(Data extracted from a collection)

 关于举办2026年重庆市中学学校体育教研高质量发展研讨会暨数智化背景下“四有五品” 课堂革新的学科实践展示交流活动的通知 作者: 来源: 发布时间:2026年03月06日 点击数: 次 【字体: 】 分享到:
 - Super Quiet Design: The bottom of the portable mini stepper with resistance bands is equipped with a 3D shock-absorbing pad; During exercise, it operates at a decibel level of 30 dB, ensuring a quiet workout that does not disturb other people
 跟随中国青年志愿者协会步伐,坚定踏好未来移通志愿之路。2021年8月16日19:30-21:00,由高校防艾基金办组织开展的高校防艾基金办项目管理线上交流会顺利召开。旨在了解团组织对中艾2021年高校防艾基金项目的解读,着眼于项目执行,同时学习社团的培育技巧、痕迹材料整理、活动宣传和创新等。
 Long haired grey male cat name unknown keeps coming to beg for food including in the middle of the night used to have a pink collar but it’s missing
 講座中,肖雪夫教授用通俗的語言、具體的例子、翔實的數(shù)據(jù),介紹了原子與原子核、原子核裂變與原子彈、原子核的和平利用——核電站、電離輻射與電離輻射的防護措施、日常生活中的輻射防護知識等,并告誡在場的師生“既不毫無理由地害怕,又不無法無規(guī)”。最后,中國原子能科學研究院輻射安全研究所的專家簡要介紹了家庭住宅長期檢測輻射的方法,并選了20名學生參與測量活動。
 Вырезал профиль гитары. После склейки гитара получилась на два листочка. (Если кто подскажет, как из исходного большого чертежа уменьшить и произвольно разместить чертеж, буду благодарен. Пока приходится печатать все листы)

---

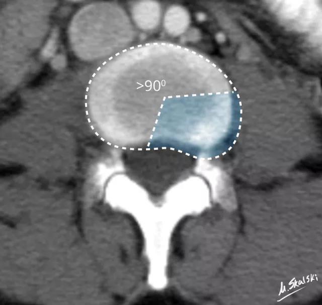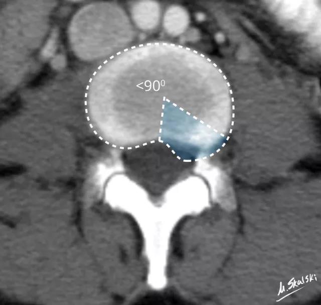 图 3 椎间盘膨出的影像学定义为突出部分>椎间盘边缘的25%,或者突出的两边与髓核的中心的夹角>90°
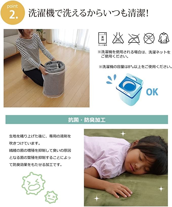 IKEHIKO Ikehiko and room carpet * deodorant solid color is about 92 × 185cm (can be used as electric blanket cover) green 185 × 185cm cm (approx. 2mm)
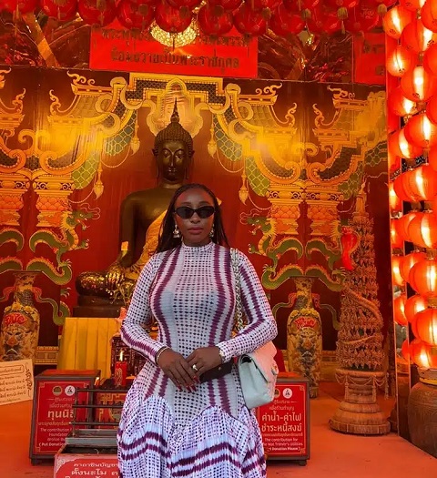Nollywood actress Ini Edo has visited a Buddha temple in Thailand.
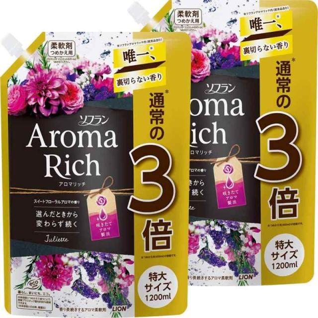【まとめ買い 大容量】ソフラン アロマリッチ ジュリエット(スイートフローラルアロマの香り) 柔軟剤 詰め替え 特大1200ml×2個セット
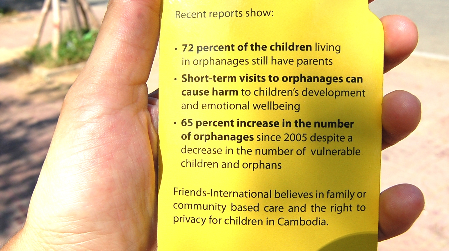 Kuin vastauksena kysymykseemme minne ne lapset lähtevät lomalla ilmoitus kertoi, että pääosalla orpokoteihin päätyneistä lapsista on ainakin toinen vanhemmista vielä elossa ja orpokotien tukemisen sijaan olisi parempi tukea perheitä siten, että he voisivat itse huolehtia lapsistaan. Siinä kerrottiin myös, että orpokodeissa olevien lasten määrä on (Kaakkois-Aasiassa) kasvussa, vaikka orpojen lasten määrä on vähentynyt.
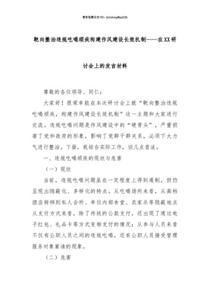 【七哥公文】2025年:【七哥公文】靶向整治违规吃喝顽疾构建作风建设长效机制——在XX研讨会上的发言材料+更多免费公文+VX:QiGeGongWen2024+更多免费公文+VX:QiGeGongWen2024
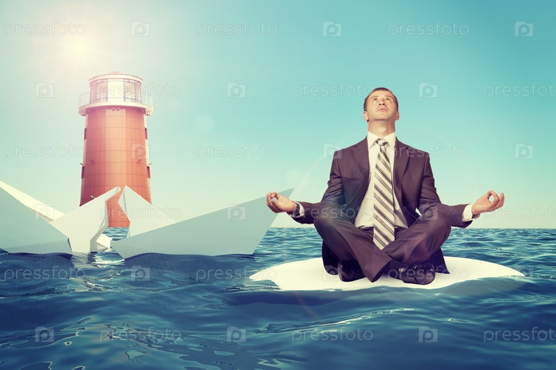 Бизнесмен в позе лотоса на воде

:: TASK INSTRUCTIONS ::
Please return the lines above that run from the line containing "作者: 来源: 发布时间:2026年03月06日" to the line containing "Long haired grey", inclusive, exactly and with no other lines.

:: WRITTEN RESPONSE ::
 关于举办2026年重庆市中学学校体育教研高质量发展研讨会暨数智化背景下“四有五品” 课堂革新的学科实践展示交流活动的通知 作者: 来源: 发布时间:2026年03月06日 点击数: 次 【字体: 】 分享到:
 - Super Quiet Design: The bottom of the portable mini stepper with resistance bands is equipped with a 3D shock-absorbing pad; During exercise, it operates at a decibel level of 30 dB, ensuring a quiet workout that does not disturb other people
 跟随中国青年志愿者协会步伐,坚定踏好未来移通志愿之路。2021年8月16日19:30-21:00,由高校防艾基金办组织开展的高校防艾基金办项目管理线上交流会顺利召开。旨在了解团组织对中艾2021年高校防艾基金项目的解读,着眼于项目执行,同时学习社团的培育技巧、痕迹材料整理、活动宣传和创新等。
 Long haired grey male cat name unknown keeps coming to beg for food including in the middle of the night used to have a pink collar but it’s missing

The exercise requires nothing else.